Problem statement ▸ For the data below, transcribe the part that opens with the line containing "En mi hogar - 2023" and closes with the line containing "Die Volksschule Stapfenacker", exactly and with no pictures.
══ Material for the task
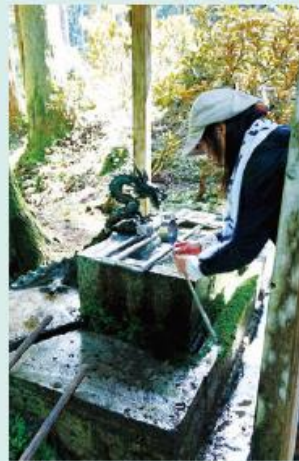
ちょうずや 手水舎 龍神さま (雲や雨を司る水の神様)

写真撮影する際は逆光で撮ってみてください！ もしかしたら龍らしき姿が写るかもしれません！？
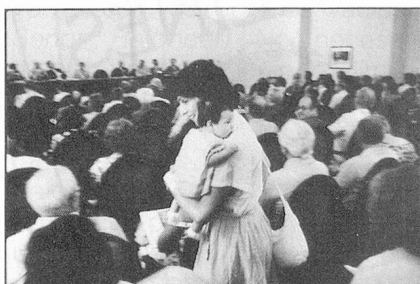
El suizo del extranjero más joven
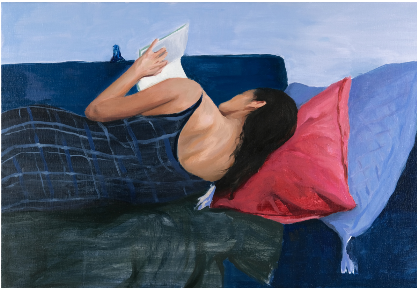
En mi hogar - 2023
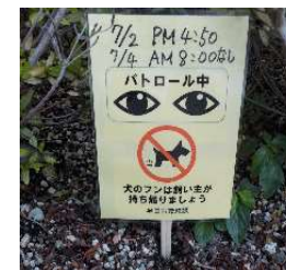
フンが片付けられたのを確認

カードにセロテープを貼ったり、ラップで巻いた上にマジックで確認日時を記入すると、再利用が可能です。
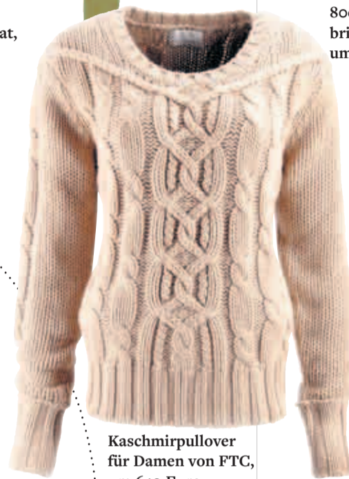
Kaschmirpullover für Damen von FTC, um 640 Euro
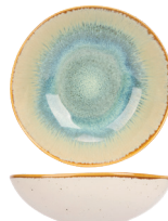
SCHAAL 20 CM
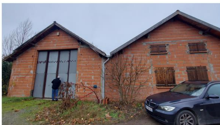
Entrée de ce qui pourrait être notre local
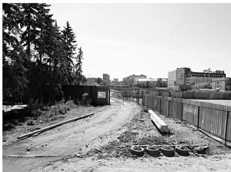
ДОПОЛНИТЕЛЬНАЯ транспортная артерия в микрорайоне «Самара-Центра» так и не появится

В 2011 году городская администрация пыталась договориться с «Самара-Центром» о внесении изменений в проект. Тогда представители мэрии полагали, что в квартале следует предусмотреть автомобильную дорогу, соединяющую ул. Челюскинцев и ул. Киевскую. В «Самара-Центре» не увидели необходимости в оптимизации автомобильного трафика будущего микрорайона. Договориться с городом и инвестором не удалось. Согласно размещенным в администрации Октябрьского района материалам проекта, вписанный в существующую дорожную сеть сквозной проезд так и не появится. В таком виде проект вынесен на публич-
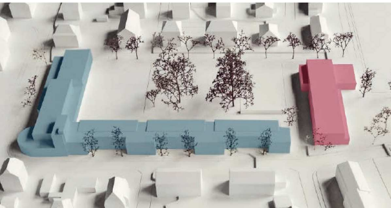
Die Volksschule Stapfenacker im Modell. Der Ersatzneubau an der Winterfeldstrasse (rot markiert) ergänzt die bestehende Schulanlage an der Brünnenstrasse 40 (blau markiert) optimal.

Analog zum Altbau sind auch beim Ersatzneubau die Räume im Untergeschoss durch Lichthöfe mit Tageslicht versorgt. Das neue Gebäude ist als Massivbau aus Stahlbeton konzipiert. Die Tragstruktur ist nach aussen mit einer Wärmedämmung umhüllt. Die Glasfronten werden mit einer Fensterkonstruktion aus Holz und Metall mit Isolierverglasung ausgeführt. Im Innenraum wird der intensiven Beanspruchung Rechnung getragen, indem einfache und zweckmässige Materialien verwendet werden. Eine sorgfältige
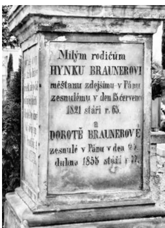
Pomník rodičů poslance Braunera má nápisy ze všech stran.
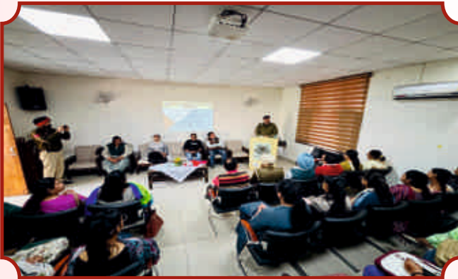
ਆਈ. ਆਈ. ਸੀ. ਦੁਆਰਾ ਆਯੋਜਿਤ ਮੋਟੀਵੇਸ਼ਨਲ ਲੈਕਚਰ
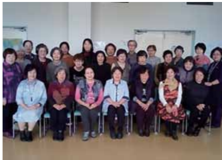
▲ 沖縄市農漁村生活研究会新年会
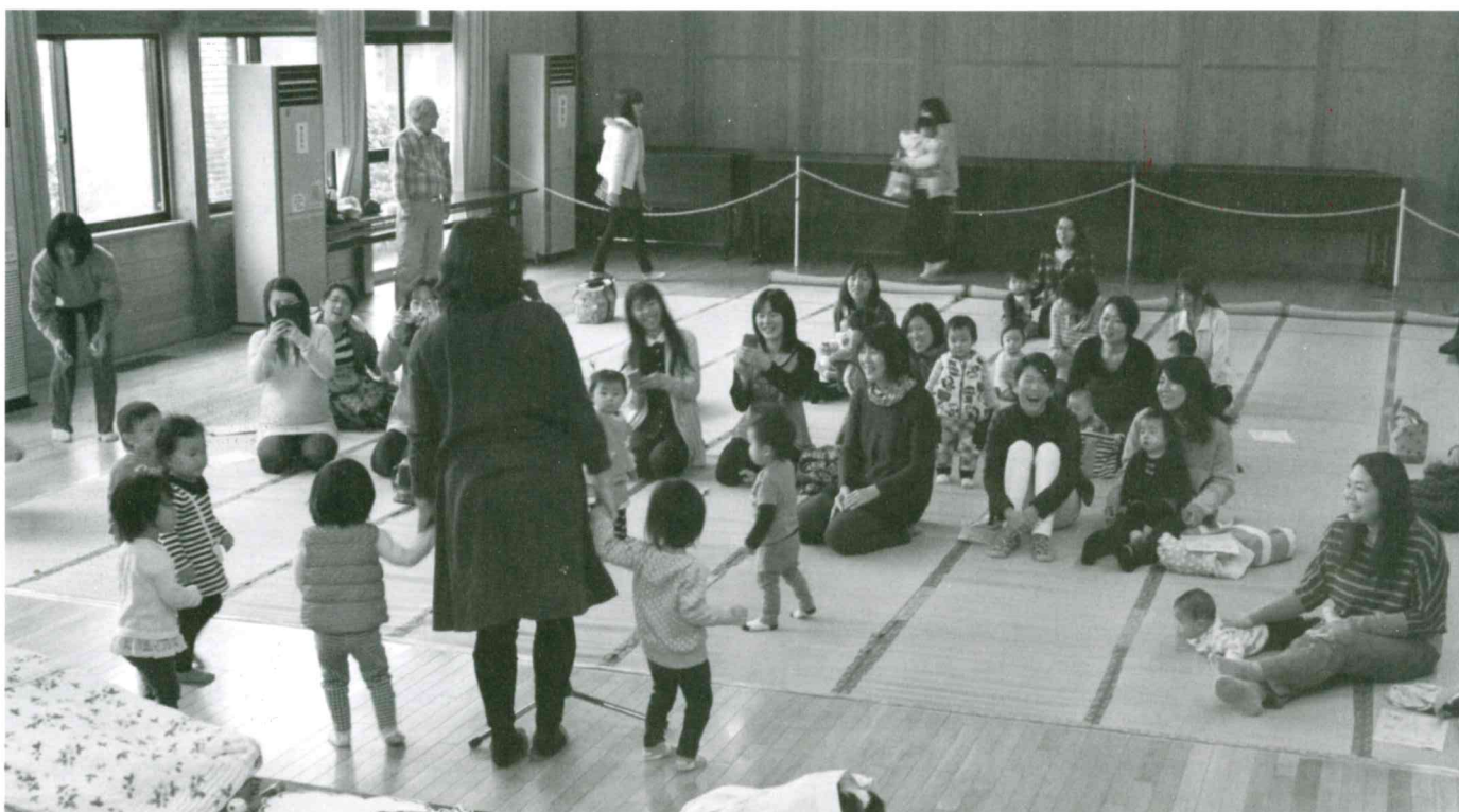
12月10日(木) 天童南部公民館共催事業 第2回 子育て支援事業「大好きママ」を開催。参加者 17組 34名
════
Answer section ▸
En mi hogar - 2023
フンが片付けられたのを確認

カードにセロテープを貼ったり、ラップで巻いた上にマジックで確認日時を記入すると、再利用が可能です。
Kaschmirpullover für Damen von FTC, um 640 Euro
SCHAAL 20 CM
Entrée de ce qui pourrait être notre local
ДОПОЛНИТЕЛЬНАЯ транспортная артерия в микрорайоне «Самара-Центра» так и не появится

В 2011 году городская администрация пыталась договориться с «Самара-Центром» о внесении изменений в проект. Тогда представители мэрии полагали, что в квартале следует предусмотреть автомобильную дорогу, соединяющую ул. Челюскинцев и ул. Киевскую. В «Самара-Центре» не увидели необходимости в оптимизации автомобильного трафика будущего микрорайона. Договориться с городом и инвестором не удалось. Согласно размещенным в администрации Октябрьского района материалам проекта, вписанный в существующую дорожную сеть сквозной проезд так и не появится. В таком виде проект вынесен на публич-
Die Volksschule Stapfenacker im Modell. Der Ersatzneubau an der Winterfeldstrasse (rot markiert) ergänzt die bestehende Schulanlage an der Brünnenstrasse 40 (blau markiert) optimal.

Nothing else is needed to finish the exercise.